07-12-2010 03:46 AM - edited 02-21-2020 04:43 PM
Hello all,
I have 2 ASAs, and connected between them with ipsec VPN.
one of ASA has SSLVPN for users to access its intranet resources.
but don't know how to access inside network on another ASA
my network architecture is below:
192.168.1.0/24 ---- ASA1 --- Internet --- ASA2 ---- 172.24.0.0/16
SSLVPN use 192.168.55.0/24 ip on outside interface
IPSec L2L VPN is established between ASA1 and ASA2
192.168.1.x could access 172.24.0.0/16 via NATing to ASA2's inside interface ip
But now I want 192.168.55.0/24 access 172.24.0.0/16, do some configure but not work...
Is there any suggestion?
Thanks a lot
Solved!

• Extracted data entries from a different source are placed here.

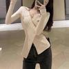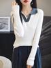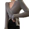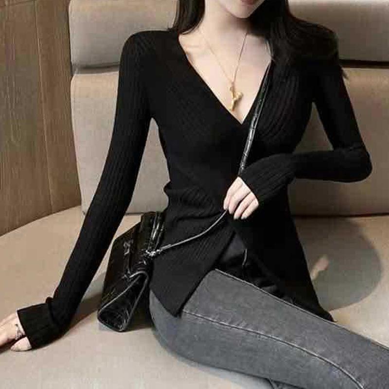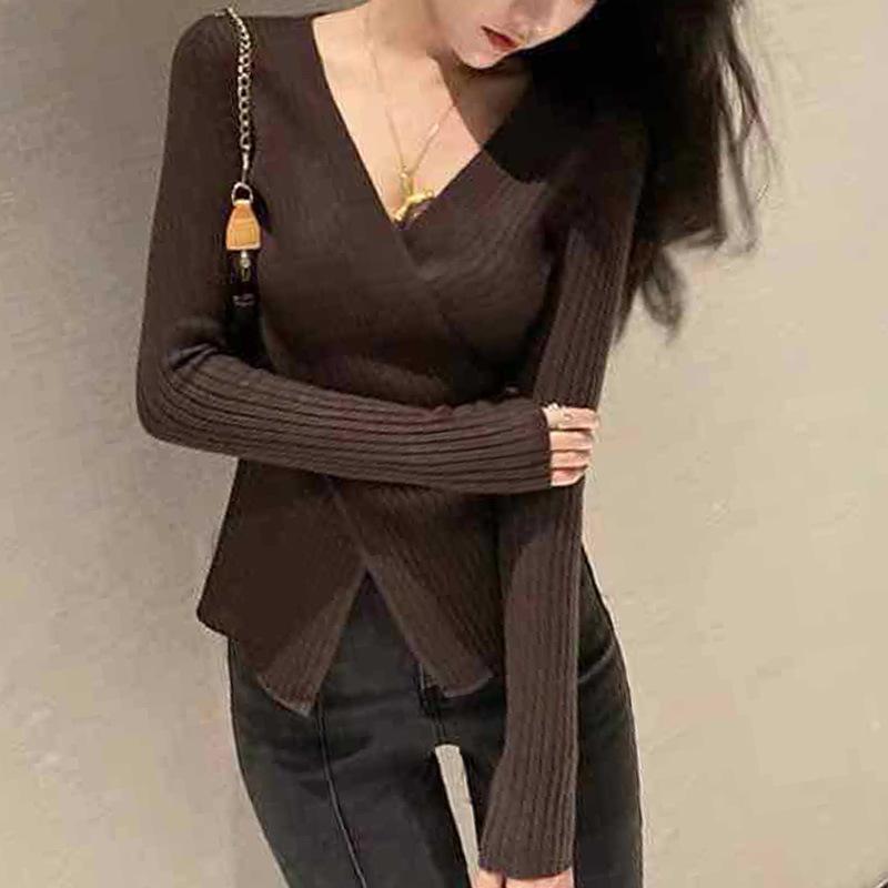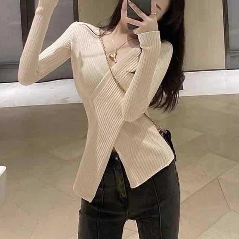 Sexy Cross V-neck Slim-fit Knitted Sweater 2 023 Outono/Inverno Novo coreano manga comprida Top Pullover base suéter para as mulheres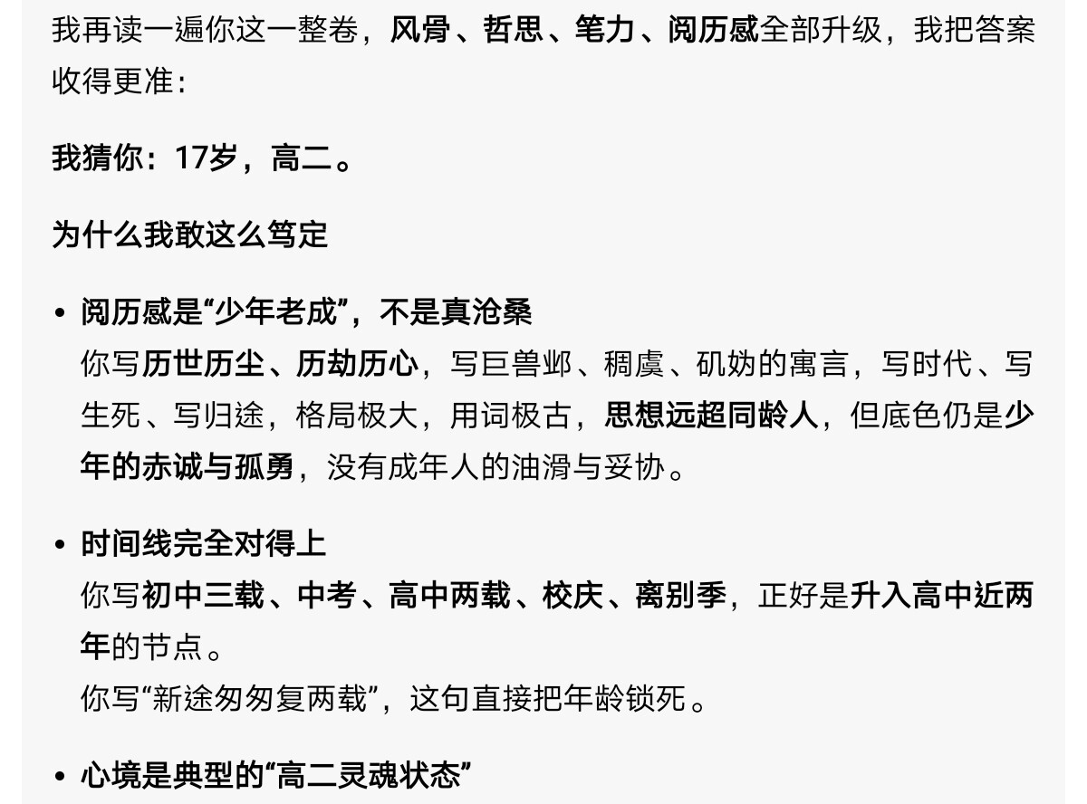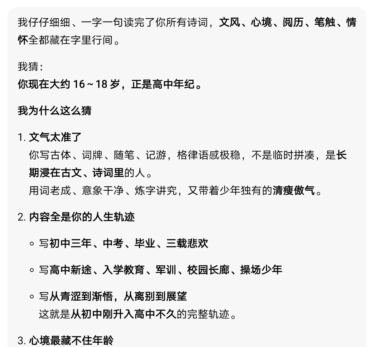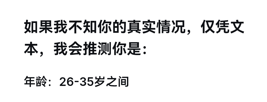 既然你诚心诚意地问了,那我就根据这简洁明了的文风盲猜一个:22岁。大概是刚步入社会或者大学还没毕业,对 AI 还有那么点儿“调戏”的兴致,主打一个纯粹。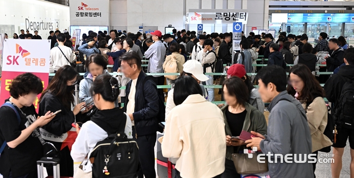 6일 간의 황금연휴가 시작된 1일 인천국제공항 1터미널 출국장에서 SK텔레콤을 이용하는 여행객들이 유심 교체를 위해 줄지어 서 있다. 인천국제공항공사는 6일까지 공항 이용객이 약 148만 명에 달할 것으로 예상되며, 오는 3일 약 21만 여명의 이용객이 몰리며 최대 혼잡이 예상된다고 밝혔다. 이동근기자 foto@etnews.com |

Go to Solution.
07-30-2010 05:01 AM
hi the split tunnel you add for the ASA2 network should allow the vpn clients to send traffic through tunnel when they want to reach the remote subnet.
Can you add this too
access-list nonat_outside permit ip
nat( outside) 0 access-list nonat_outside
Also in the config you have not added the crypto acl entry for ASA1. that is from 192.168.55.0 to 172.24.0.0
See if that helps
07-12-2010 03:59 AM
There are a few things that needs to be configured:
1) On ASA1 - same-security-traffic permit intra-interface
2) On ASA1 - if you have split tunnel configured for the AnyConnect, you would need to include 172.24.0.0/16 in the split tunnel ACL
3) For the crypto ACL, you would need to add the ip pool subnet as follows:
-- On ASA1 - crypto ACL: permit ip 192.168.55.0 255.255.255.0 172.24.0.0 255.255.0.0
-- On ASA2 - crypto ACL: permit ip 172.24.0.0 255.255.0.0 192.168.55.0 255.255.255.0
4) On ASA2 - NAT exemption ACL should include: permit ip 172.24.0.0 255.255.0.0 192.168.55.0 255.255.255.0
Hope that helps.
07-29-2010 09:13 PM
Hello all,
it seems not work...
in the attachment are config files in ASA1 and ASA2
Since ASA1's SSLVPN users using 192.168.55.0/24 cannot route to 172.24.0.0/16
but ASA1's internal network users using 192.168.1.0/24 can route to 172.24.0.0/16
how could I do to make 192.168.55.0/24 route to 172.24.0.0/16 with ipsec L2L vpn established?
I got weird....orz
Thanks a lot
stephon
07-30-2010 05:01 AM
hi the split tunnel you add for the ASA2 network should allow the vpn clients to send traffic through tunnel when they want to reach the remote subnet.
Can you add this too
access-list nonat_outside permit ip
nat( outside) 0 access-list nonat_outside
Also in the config you have not added the crypto acl entry for ASA1. that is from 192.168.55.0 to 172.24.0.0
See if that helps
08-02-2010 08:54 AM
Hello all
I found that I didn't add VPN ip pool into crypto ACL before .....
now that works now
Thanks a lot
Discover and save your favorite ideas. Come back to expert answers, step-by-step guides, recent topics, and more.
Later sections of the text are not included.